If you use DHCP servers for Windows-based network clients, you must use a name resolution service. In addition to name resolution, Windows Server 2003 networks use DNS to support Active Directory. Domain-based networks supporting clients running Windows NT version 4.0 or earlier or NetBIOS applications must use WINS servers. Networks supporting a combination of clients running Windows XP, Windows 2000, Windows Server 2003, and Windows NT 4.0 must implement both WINS and DNS.

DHCP, APIPA, and IP Address Allocation

DHCP clients receive IP addresses as follows:

  • Dynamic allocation — from DHCP server. After you configure DHCP, the DHCP server automatically assigns an IP address from a specified scope to a client for a finite period of time called a lease. Most clients receive a dynamic IP address.

  • Static allocation — from DHCP server.

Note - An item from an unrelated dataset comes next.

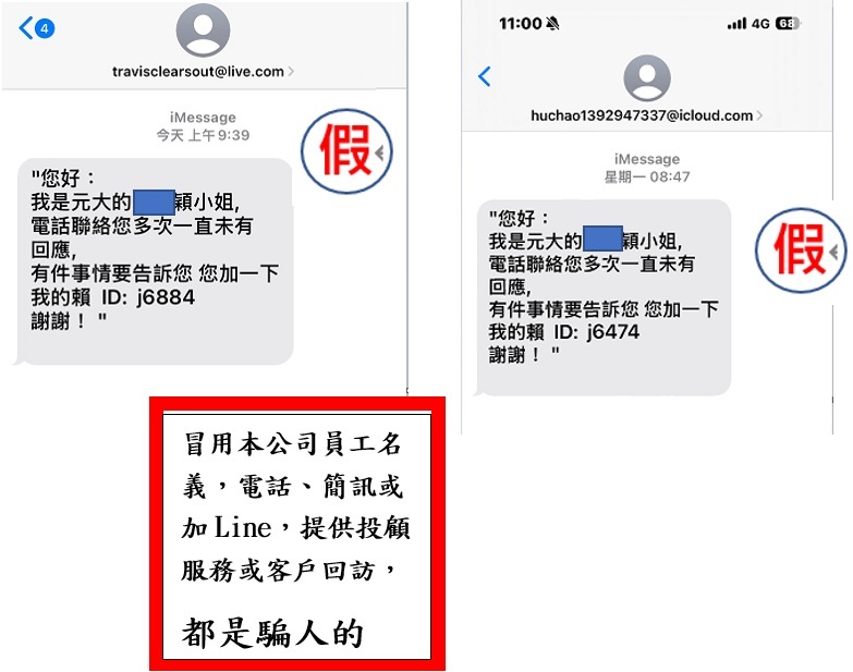 投資人如有對本公司名稱或任何宣稱與本公司有業務合作之個人或法人等有關訊息之疑義者,可以透過以下方式進行查證:

For a specific computer (such as a DHCP, DNS, or WINS server, or a print server, firewall, or router), you can manually configure the TCP/IP properties, including the IP address, the DNS and WINS parameters, and default gateway information. For the static clients to be on the same subnet as other, dynamically allocated computers, the static IP addresses must be within the scope or subnet defined for dynamic address allocation. You can use the DHCP snap-in to set an exclusion range to prevent the DHCP server from dynamically allocating the static IP address.

  • Client reservation — from DHCP server. By using the DHCP snap-in, you can also reserve a specific IP address for permanent use by a given DHCP client.

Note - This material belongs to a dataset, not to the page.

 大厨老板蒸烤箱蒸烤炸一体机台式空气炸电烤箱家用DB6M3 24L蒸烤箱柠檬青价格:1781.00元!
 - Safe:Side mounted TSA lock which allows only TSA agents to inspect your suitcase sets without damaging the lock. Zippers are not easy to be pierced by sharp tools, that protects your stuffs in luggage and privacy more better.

  • Automatic allocation — APIPA. In the absence of a DHCP server, Automatic Private IP Addressing (APIPA) lets a workstation configure itself with an address in the range from 169.254.0.1 to 169.254.255.254. Computers using APIPA addresses can communicate only with other computers that are also using APIPA addresses within a single subnet. In this case, a computer has an IP address but cannot connect outside the subnet. APIPA regularly checks for the presence of a DHCP server; if it detects one, it yields to the DHCP service, which then assigns a dynamic address to replace the APIPA address. APIPA is designed primarily for simple networks with only one subnet, such as small or home-based networks. On a larger network, APIPA can be useful for identifying problems with DHCP: when a client uses an APIPA address, this indicates that a DHCP server has not been found.

  • Alternate configuration — user configured. In the absence of a DHCP server, alternate configuration lets a computer use an IP address configured manually by the user. Alternate configuration is designed for a computer that is used on more than one network, such as a laptop used both at the office and at home. The user can specify an IP address on the computer’s TCP/IP properties Alternate Configuration tab if at least one of the networks (for example, the home office) does not have a DHCP server and APIPA addressing is not wanted. If alternate configuration is not configured and no DHCP server is found, TCP/IP uses APIPA by default.